Integration with MCMCChains.jl
MCMC packages like Turing often produce results in the form of an MCMCChains.Chain. There is special support in PairPlots.jl for plotting these chains.
The integration between PairPlots and MCMCChains only works on Julia 1.9 and above. On previous versions, you can work around this by running pairplot(DataFrame(chn)).
Plotting chains
For this example, we'll use the following code to generate a Chain. In a real code, you would likey receive a chain as a result of sampling from a model.
chn1 = Chains(randn(10000, 5, 3) .* [1 2 3 4 5] .* [1;;;2;;;3], [:a, :b, :c, :d, :e])Chains MCMC chain (10000×5×3 Array{Float64, 3}):
Iterations = 1:1:10000
Number of chains = 3
Samples per chain = 10000
parameters = a, b, c, d, e
Summary Statistics
parameters mean std mcse ess_bulk ess_tail rhat ⋯
Symbol Float64 Float64 Float64 Float64 Float64 Float64 ⋯
a 0.0043 2.1531 0.0125 29550.7875 1208.2502 1.1322 ⋯
b -0.0101 4.2826 0.0249 29586.1705 1286.6040 1.1226 ⋯
c 0.0295 6.4946 0.0385 28454.8904 1233.1812 1.1280 ⋯
d 0.0804 8.5783 0.0494 30242.1330 1221.9348 1.1255 ⋯
e -0.0268 10.7756 0.0625 29744.9271 1301.6755 1.1239 ⋯
1 column omitted
Quantiles
parameters 2.5% 25.0% 50.0% 75.0% 97.5%
Symbol Float64 Float64 Float64 Float64 Float64
a -4.5481 -1.1607 0.0074 1.1660 4.5881
b -9.0943 -2.3255 -0.0114 2.3283 9.0090
c -13.6051 -3.5136 0.0160 3.4791 13.9290
d -18.1835 -4.5789 0.0602 4.6961 18.2168
e -23.0803 -5.8993 -0.0269 5.8061 22.7915
You can plot the results from all chains in the Chains object:
using CairoMakie, PairPlots
pairplot(chn1)
The labels are taken from the column names of the chains. You can modify them by passing in a dictionary mapping column names to strings, LaTeX strings, or Makie rich text objects.
Plotting individual chains separately
If you have multiple parallel chains and want to plot them in different colors, you can pass each one to pairplot:
pairplot(chn1[:,:,1], chn1[:,:,2], chn1[:,:,3])
You can title the series indepdendently as well:
c1 = Makie.wong_colors(0.5)[1]
c2 = Makie.wong_colors(0.5)[2]
c3 = Makie.wong_colors(0.5)[3]
pairplot(
PairPlots.Series(chn1[:,:,1], label="chain 1", color=c1, strokecolor=c1),
PairPlots.Series(chn1[:,:,2], label="chain 2", color=c2, strokecolor=c2),
PairPlots.Series(chn1[:,:,3], label="chain 3", color=c3, strokecolor=c3),
)
If your chains are well converged, then the different series should look the same.

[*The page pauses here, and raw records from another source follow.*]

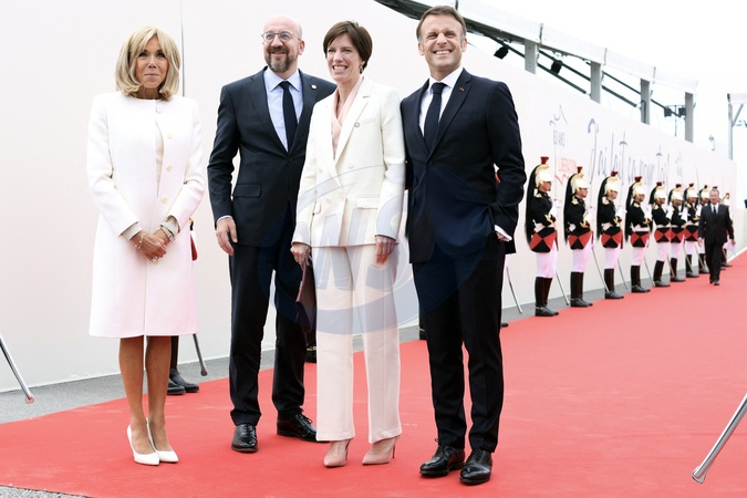 Le président français Emmanuel Macron et la première dame, Brigitte Macron accueillent le président du Conseil européen Charles Michel et son épouse Amélie Derbaudrenghier lors de la cérémonie internationale du 80ème anniversaire du débarquement à Omaha Beach, le 6 juin 2024. © Stéphane Lemouton / Bestimage President Emmanuel Macron and his wife Brigitte Macron welcome guests to the international ceremony at Omaha Beach as part of the commemoration of the 80th anniversary of the Normandy landings (D-Day) on june 6th 2024
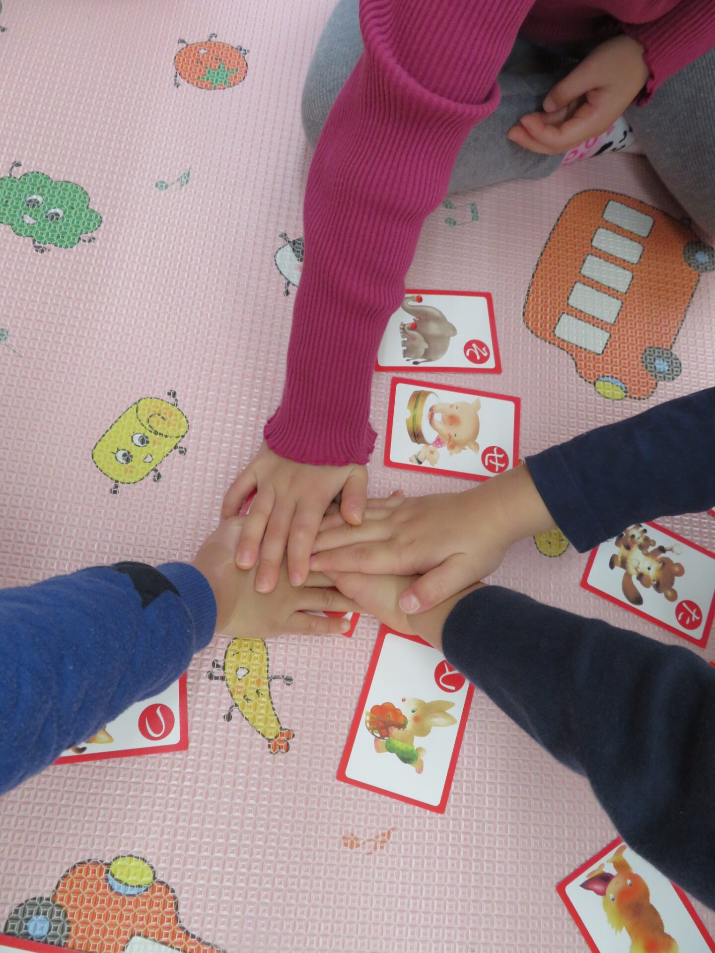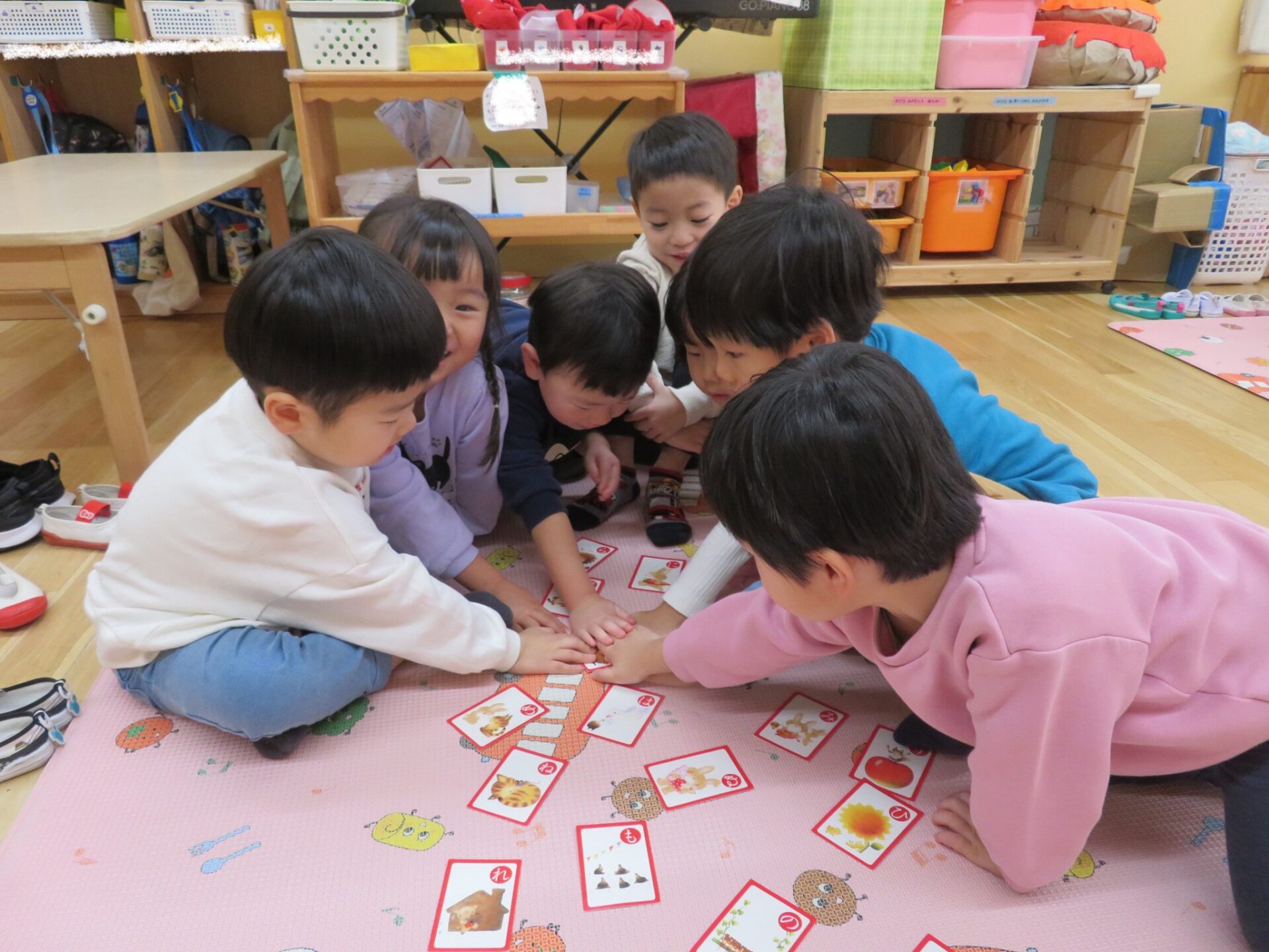 このように手が重なってしまう場面はたくさんありましたが、『手が重なった時は、取り札に一番最初に手を置いた人の勝ち』というルールを伝えていた為、「〇〇君が一番下だね」と子ども同士で声を掛けていました。
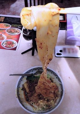 再び腰掛け、からそうなタレが満遍なくついた1本麺をほおばり、ズズッとすすりあげると、あげると……、あげ、られない。1本というか1枚というか、幅広で肉厚の麺が重くて、口の吸引力では啜り上げることができないのだ。
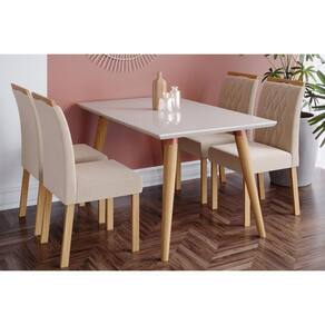 Sala de Jantar Completa Adele c/ Tampo Madeirado 130cm + 4 Cadeiras Juliana Madeira/Suede Nude - Cimol
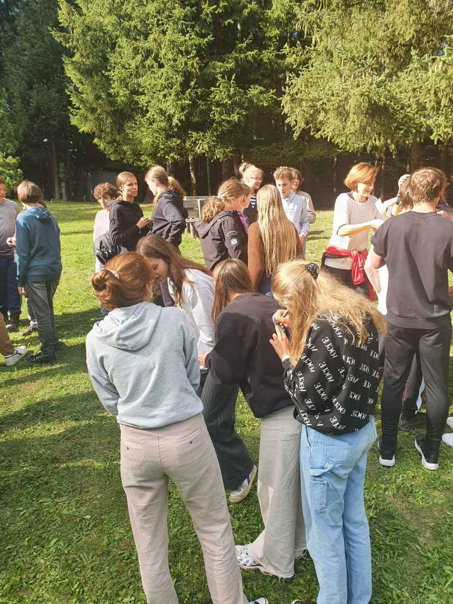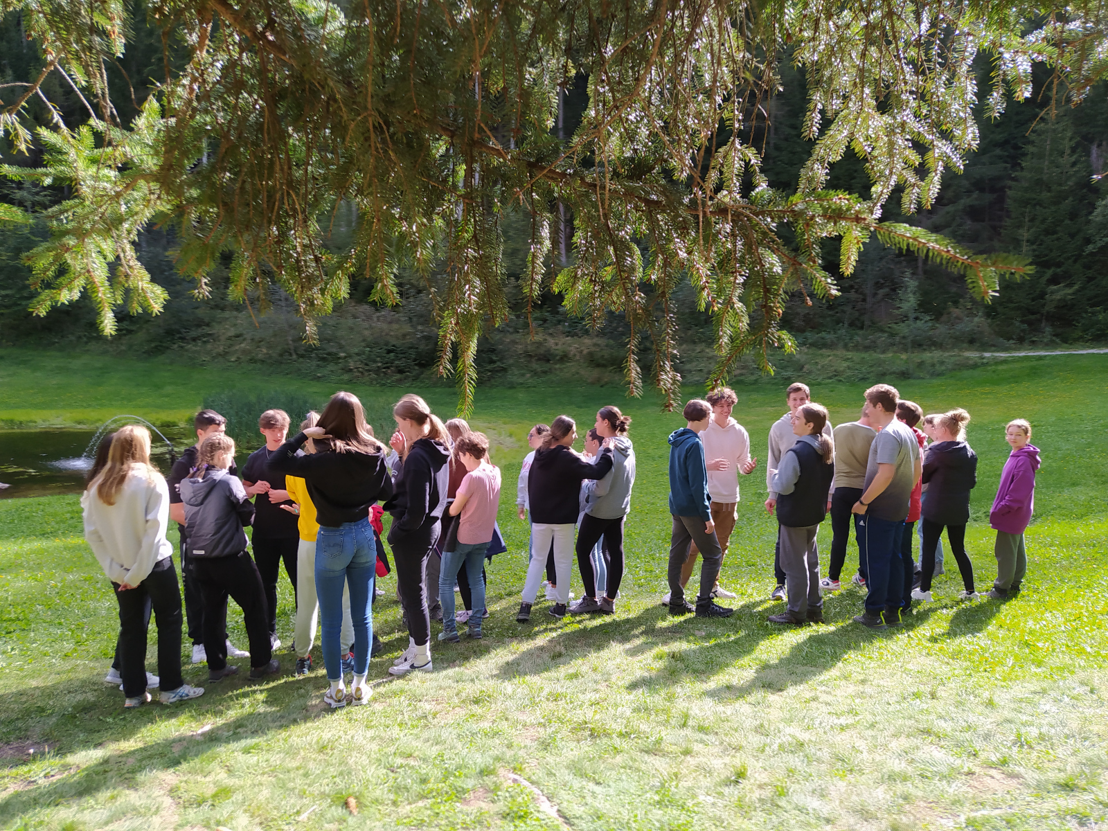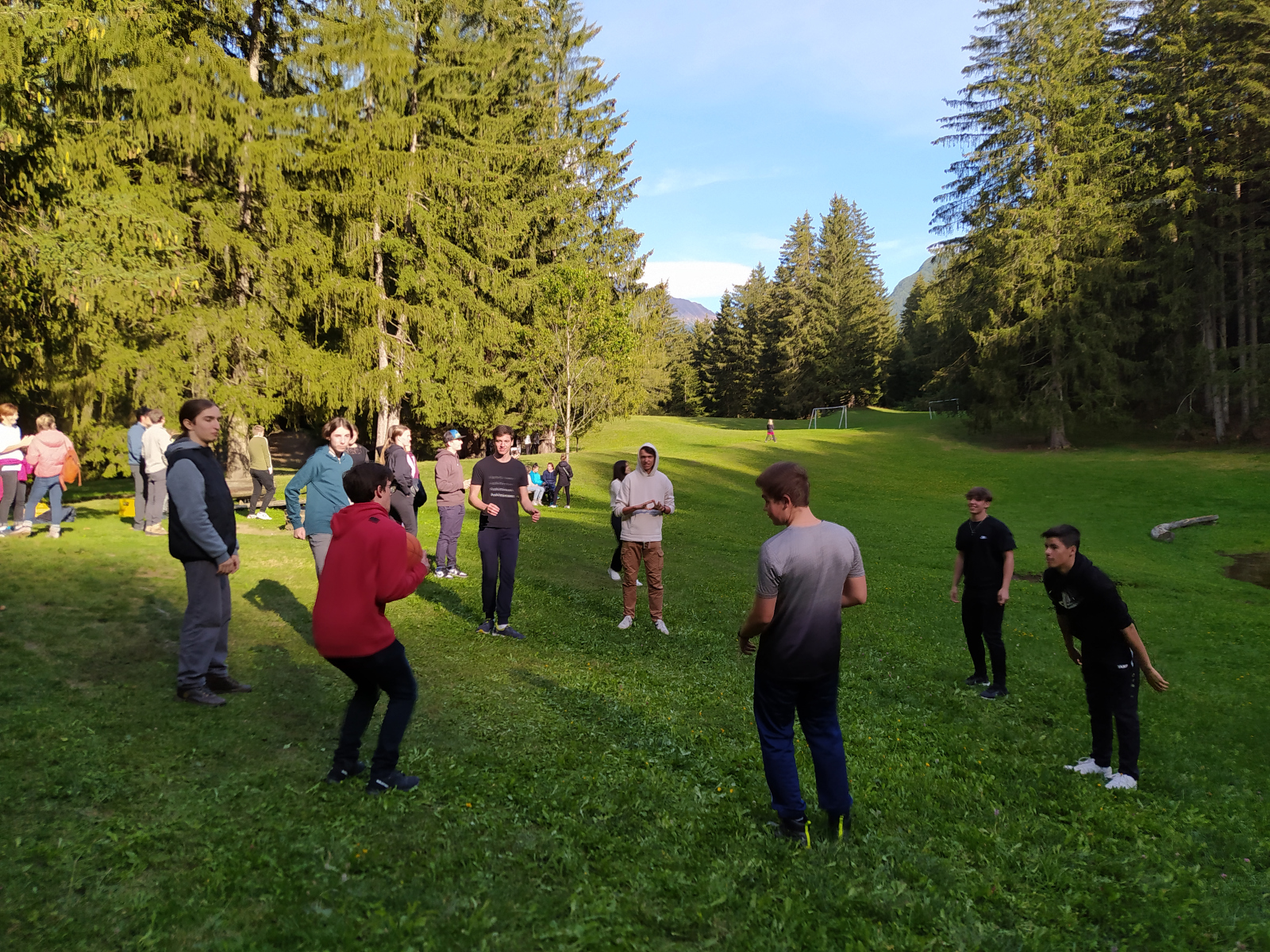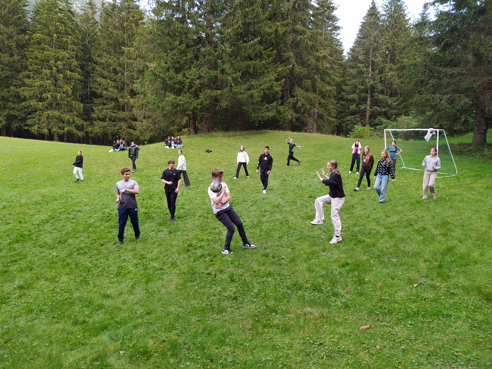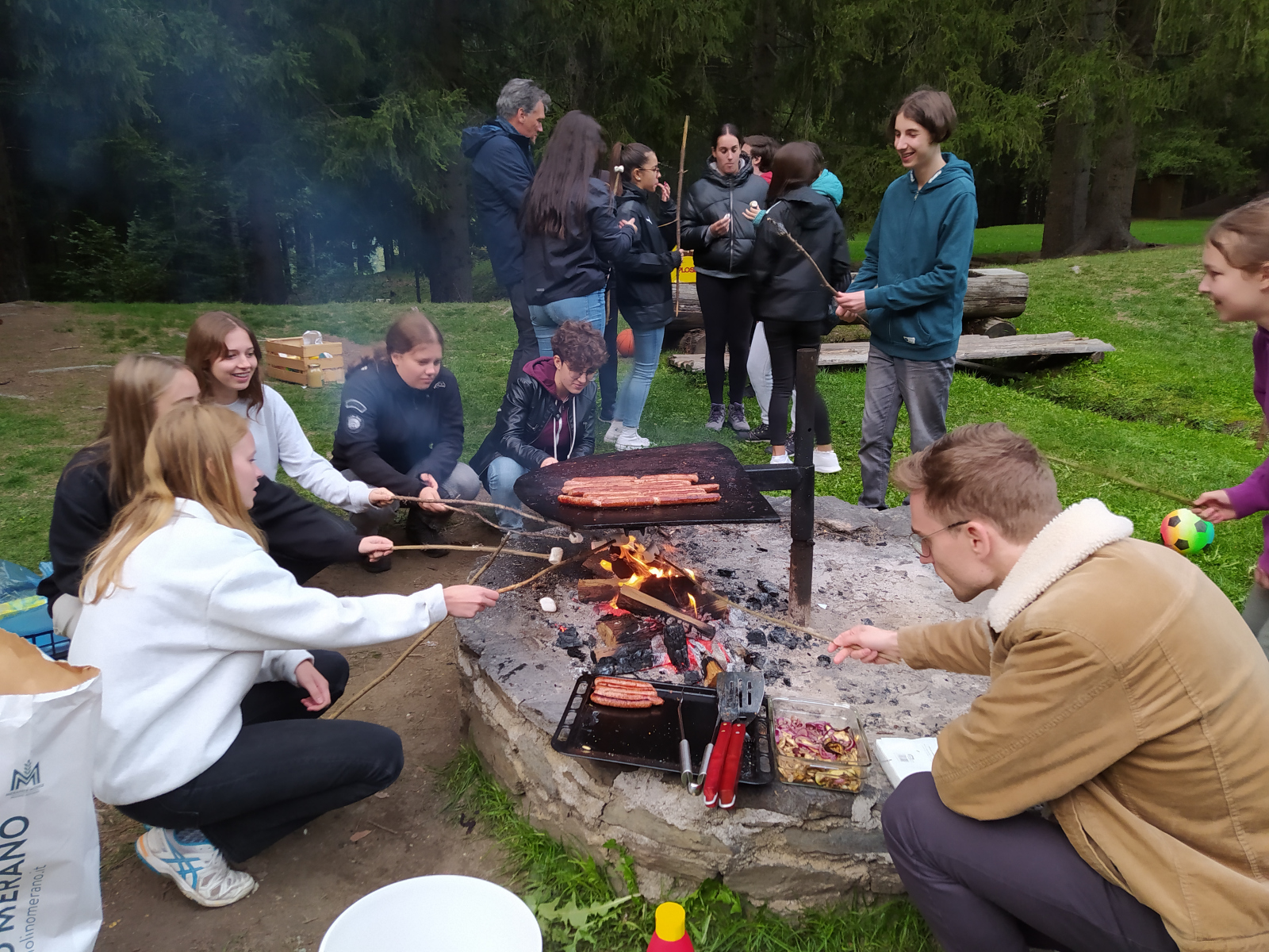 Den Sonntag, 18. September, verbrachten die Gäste bis zum Nachmittag in den Gastfamilien. Dann ging es gemeinsam auf eine kleine Wanderung zum „Rofisboden“. Bei Kennenlernspielen und Fußball verging die Zeit schnell, am Abend wurden am Lagerfeuer Würstchen und Marshmallows gegrillt.

Comparing the results of two simulations
You may want to compare the results of two simulations. Consider the following chains:
chn2 = Chains(randn(10000, 5, 1) .* [1 2 3 4 5], [:a, :b, :c, :d, :e])
chn3 = Chains(randn(10000, 4, 1) .* [5 4 2 1], [:a, :b, :d, :e]);Chains MCMC chain (10000×4×1 Array{Float64, 3}):
Iterations = 1:1:10000
Number of chains = 1
Samples per chain = 10000
parameters = a, b, d, e
Summary Statistics
parameters mean std mcse ess_bulk ess_tail rhat ⋯
Symbol Float64 Float64 Float64 Float64 Float64 Float64 ⋯
a 0.0349 4.9962 0.0503 9855.1061 10004.1962 1.0000 ⋯
b 0.0918 4.0185 0.0407 9712.4930 9464.4058 0.9999 ⋯
d -0.0086 2.0229 0.0200 10248.0100 9590.9378 1.0001 ⋯
e 0.0005 1.0036 0.0103 9561.1911 9717.5356 1.0000 ⋯
1 column omitted
Quantiles
parameters 2.5% 25.0% 50.0% 75.0% 97.5%
Symbol Float64 Float64 Float64 Float64 Float64
a -9.7727 -3.3430 0.1216 3.3540 10.0076
b -7.7217 -2.6732 0.1085 2.9130 7.9032
d -3.9749 -1.3598 0.0006 1.3415 3.9466
e -1.9746 -0.6730 0.0079 0.6892 1.9618
Just pass them all to pairplot:
pairplot(chn2, chn3)
Note how the parameters of the chains do not have to match exactly. Here, chn2 has an additional variable not present in chn3.